Portal frame is a construction technique where vertical supports are connected to horizontal beams or trusses via fixed joints with designed-in  moment-resisting capacity. The result is wide spans and open floors.

Portal frame structures can be constructed using a variety of materials and methods. These include steel, reinforced concrete and laminated timber such as glulam. First developed in the 1960s, they have become the most common form of enclosure for spans of 20 to 60 meters.

Because of these very strong and rigid joints, some of the bending moment in the rafters is transferred to the columns.  This means that the size of the rafters can be reduced or the span can be increased for the same size rafters. This makes portal frames a very efficient construction technique to use for wide span buildings.
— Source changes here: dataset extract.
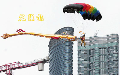 ■跳傘放出金龍,展現中華龍圖騰。本報記者曾慶威 攝

Portal frame construction is therefore typically seen in warehouses, barns and other places where large, open spaces are required at low cost and a pitched roof is acceptable.

Generally portal frames are used for single-story buildings but they can be used for low-rise buildings with several floors where they can be economic if the floors do not span right across the building (in these circumstances a skeleton frame, with internal columns, would be a more economic choice). A typical configuration might be where there is office space built against one wall of a warehouse.

Portal frames can be clad with various materials. For reasons of economy and speed, the most popular solution is some form of lightweight insulated metal cladding with cavity masonry work to the bottom 2m of the wall to provide security and impact resistance.  The lightweight cladding would be carried on sheeting rails spanning between the columns of the portal frames.

Portal frames can be defined as two-dimensional rigid frames that have the basic characteristics of a rigid joint between column and beam.

The main objective of this form of design is to reduce bending moment in the beam, which allows the frame to act as one structural unit.

The transfer of stresses from the beam to the column results in rotational movement at the foundation, which can be overcome by the introduction of a pin/hinge joint.

For warehouses and industrial buildings, sloping roof made of purlins and ac sheet roofing between portals is provided. For assembly halls, portals with R.C slab roof cast monolithically is used.

Portal frames are designed for the following loads:
roof load
wind load
Previously, it has been shown that the limit state design/load and resistance factor design (LRFD) and permissible stress design/allowable strength design (ASD) can produce significantly different designs of steel gable frames.

There are few situations where ASD produces significantly lighter weight steel gable frame designs. Additionally, it has been shown that in high snow regions, the difference between the methods is more dramatic.

While designing, care should be taken for proper
joints
foundation
bracing

If the joints are not rigid, they will "open up" and the frame will be unstable when subjected to loads. This is the pack of cards effect.
Vertical loading results in the walls being pushed outwards. If the foundation cannot resist horizontal push, outward movement will occur and the frame will lose strength.
Wind subjects the frame to uplift forces. Overturning forces on the sides and ends of the building. Drag forces on the roof and sides.
These destabilizing forces are resisted essentially by the weight of the building and in this regard, the foundations contribute significantly to this weight. The foundations are regarded as the building's anchors.

Types of Portal Frame

Portal frames are a common type of structural framing system used in construction. There are several types of portal frames, including:

Single span portal frame: This is the simplest form of a portal frame, consisting of two vertical columns and a horizontal beam spanning between them.

Multi-span portal frame: A multi-span portal frame consists of several single span portal frames connected together with intermediate columns.

Propped portal frame: In a propped portal frame, one end of the beam is supported by a column, while the other end is free to move.

Tied portal frame: A tied portal frame is similar to a propped portal frame, but both ends of the beam are tied to the columns, providing additional stability.

Pitched roof portal frame: This type of portal frame is designed to support a pitched roof, with the columns and beams angled to match the slope of the roof.

Curved portal frame: A curved portal frame is used when a curved roof or structure is required. The curved beams are typically made of steel or laminated timber.

Skewed portal frame: A skewed portal frame is used when the columns and beams are not perpendicular to each other, often used for irregular shaped buildings.

The choice of portal frame type depends on the requirements of the building design, the load-bearing capacity required, and the materials used.